The Process of Decontextualization
An intriguing aspect of the annotation process in ECLeKTic is the decontextualization step. Here, the annotators worked to ensure that each question contained all necessary information for it to be answerable when translated into other languages. For instance, a question in Hebrew about the “supreme court” was refined to specify “the Israeli supreme court,” thereby eliminating ambiguity. Similarly, named entities were clarified to enhance understanding across languages, ensuring that a reference to “Ambev” explicitly identified it as “the Brazilian brewing company, Ambev.”

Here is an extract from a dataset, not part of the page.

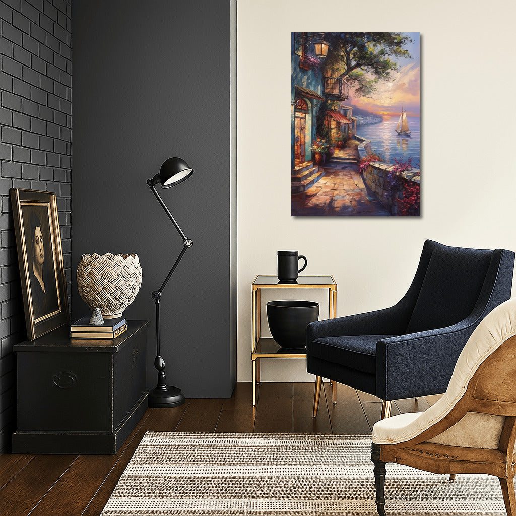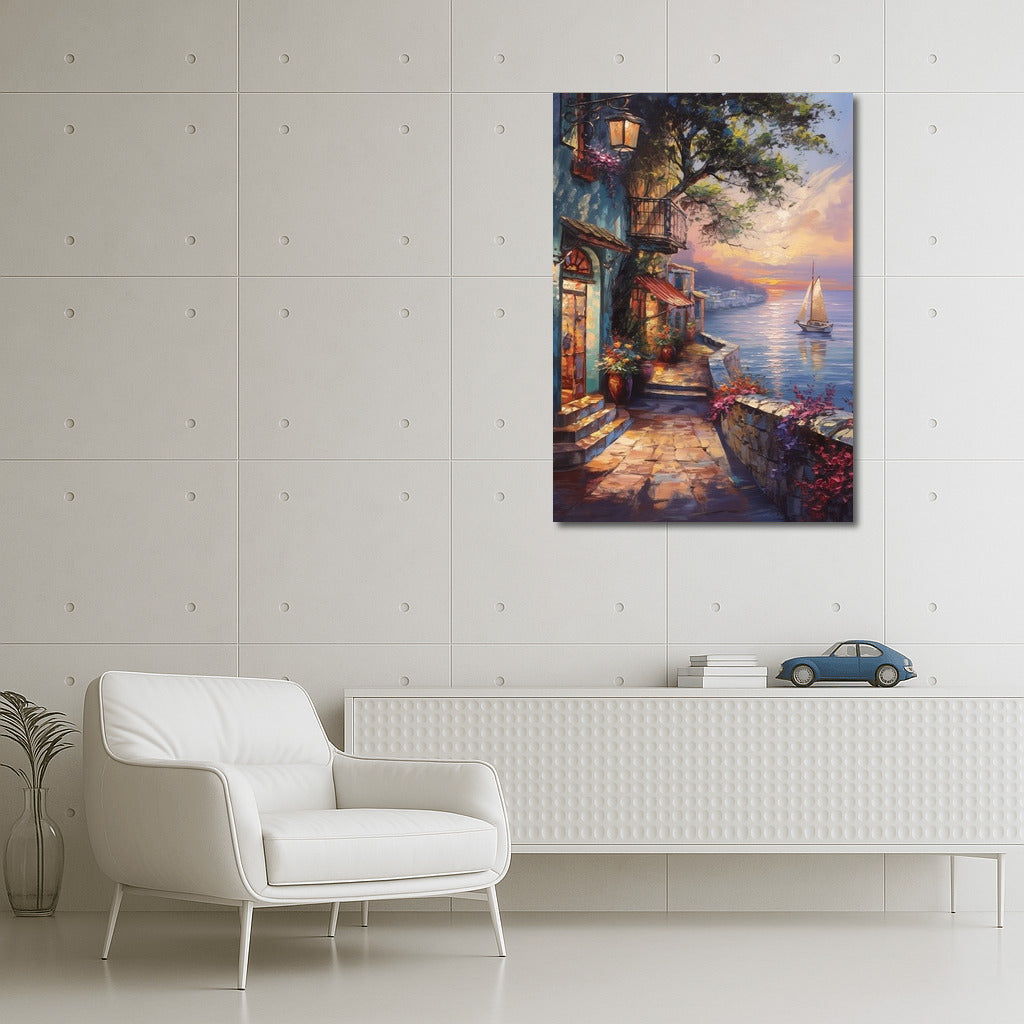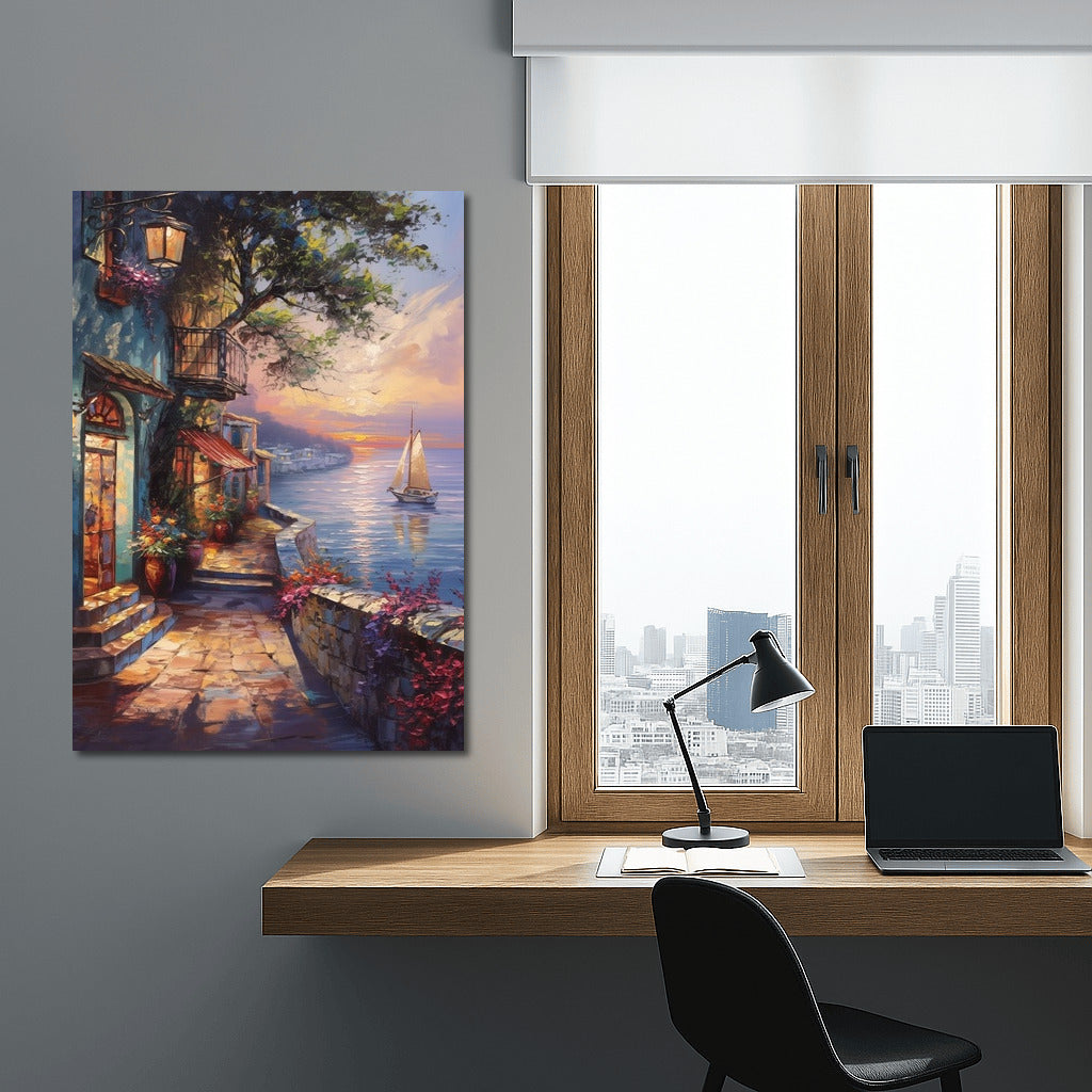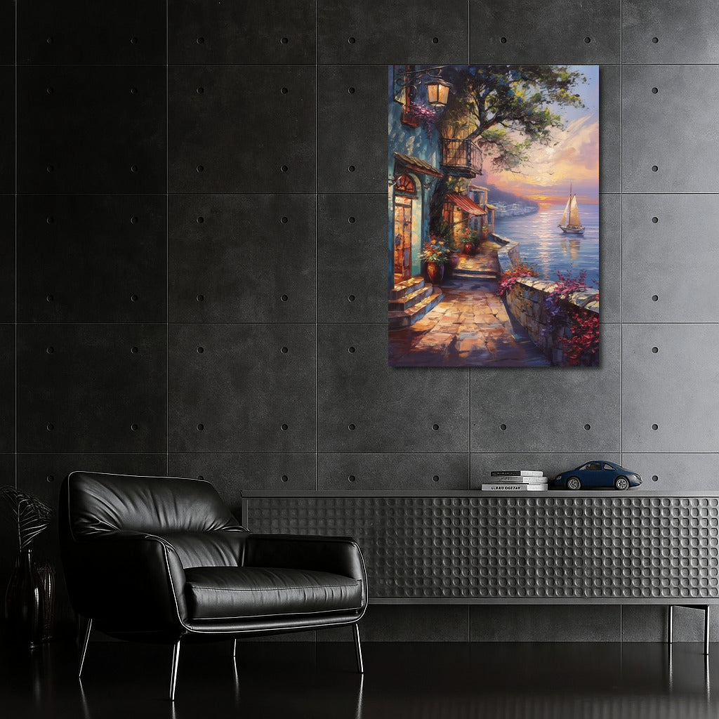 A paintingsque poster with a sea sunset and a sailboat soaring. Feel the romance of a summer evening with this wall art. See more from the collection: Mixed Wall Art

Translation and Verification
Once the questions and answers were finalized, the next step involved automatic translation into the other eleven languages. This multilingual approach is crucial for the dataset’s objective, which aims to facilitate knowledge transfer across languages. To ensure accuracy and cultural relevance, another set of human annotators verified the translations, making modifications where necessary. During this stage, some examples were even discarded if they proved untranslatable, particularly questions that referred to the meaning of a word in the source language.
Finalizing the ECLeKTic Dataset
The culmination of this meticulous process resulted in the final ECLeKTic dataset, which consists of 384 unique questions and a total of 4,224 translated examples. This dataset not only serves as a valuable resource for training language models but also highlights the importance of combining automated processes with human expertise to create high-quality, contextually relevant data.
By focusing on unique, language-specific articles and employing rigorous verification methods, ECLeKTic stands as a testament to the potential of multilingual datasets in enhancing the capabilities of language models.